::: MATERIAL SHOWN

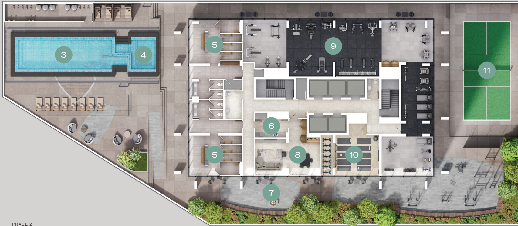
PHASE 2 AMENITY FLOOR PLAN - 1 ST FLOOR
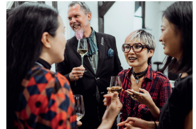
2 ... and many people from the Japanese diaspora in the audience, Zurich, Oct 2023
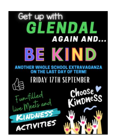
Get Up with Glendal promotion poster 2.

Due to the huge success of this first event, it was brought back by popular demand. On Friday, the 17th of September - the last day of the term, we will have a second 'Get Up with Glendal', this time with a theme based around kindness.
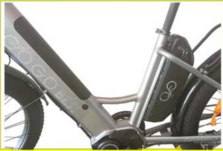
A. Recharge the battery on E-Bike directly
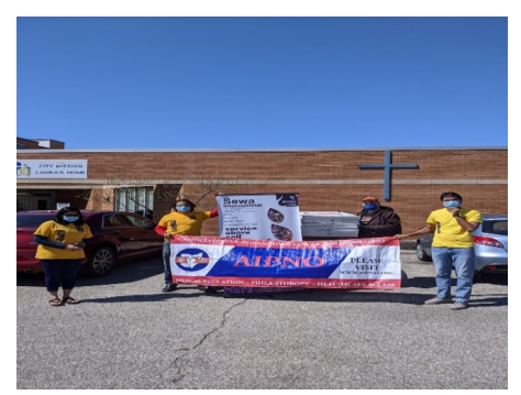
Laura Homeless Shelter

Sewa also distributed 150 pairs of new sneakers with the help of TANA
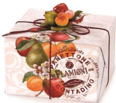
Contadino Panettone Almond glazed cake with candied pear, apple, peach and apricot
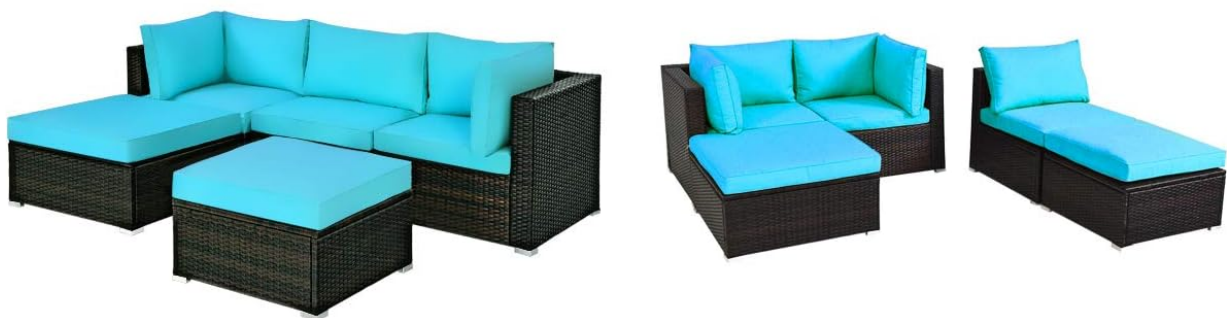
Image: Examples of free and flexible combinations, demonstrating how the modular pieces can be arranged into different sofa and seating configurations.

Allow for different configurations according to your preference & needs
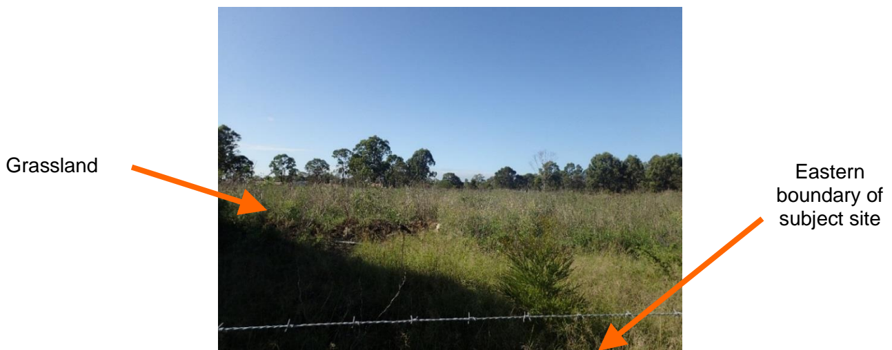
Photograph 02: View east from within the subject site
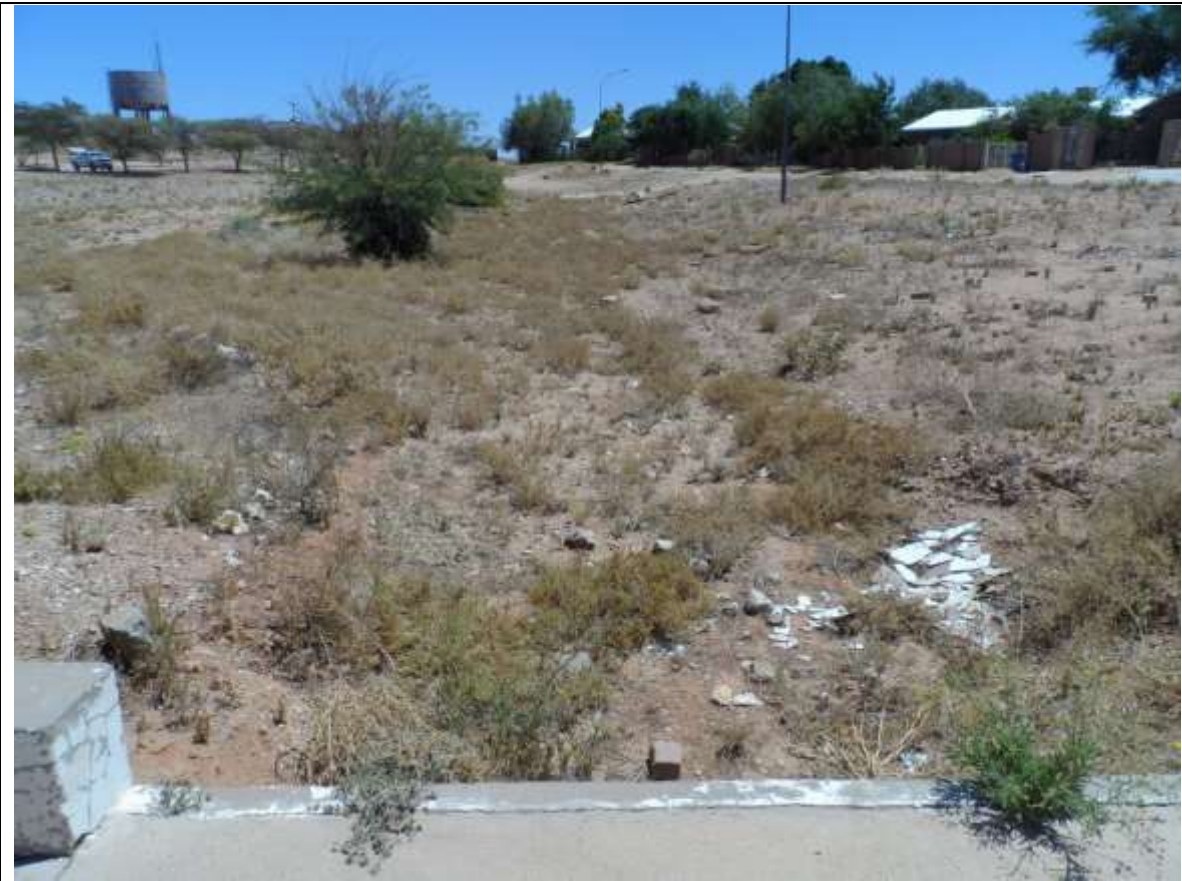
Figure 3: View of the ephemeral stream, looking north west.

::::::

REQUIRED WORK> Look through the data above. Find each line with the string "different" and copy it.

RESULT OF THE TASK>
Image: Examples of free and flexible combinations, demonstrating how the modular pieces can be arranged into different sofa and seating configurations.
Allow for different configurations according to your preference & needs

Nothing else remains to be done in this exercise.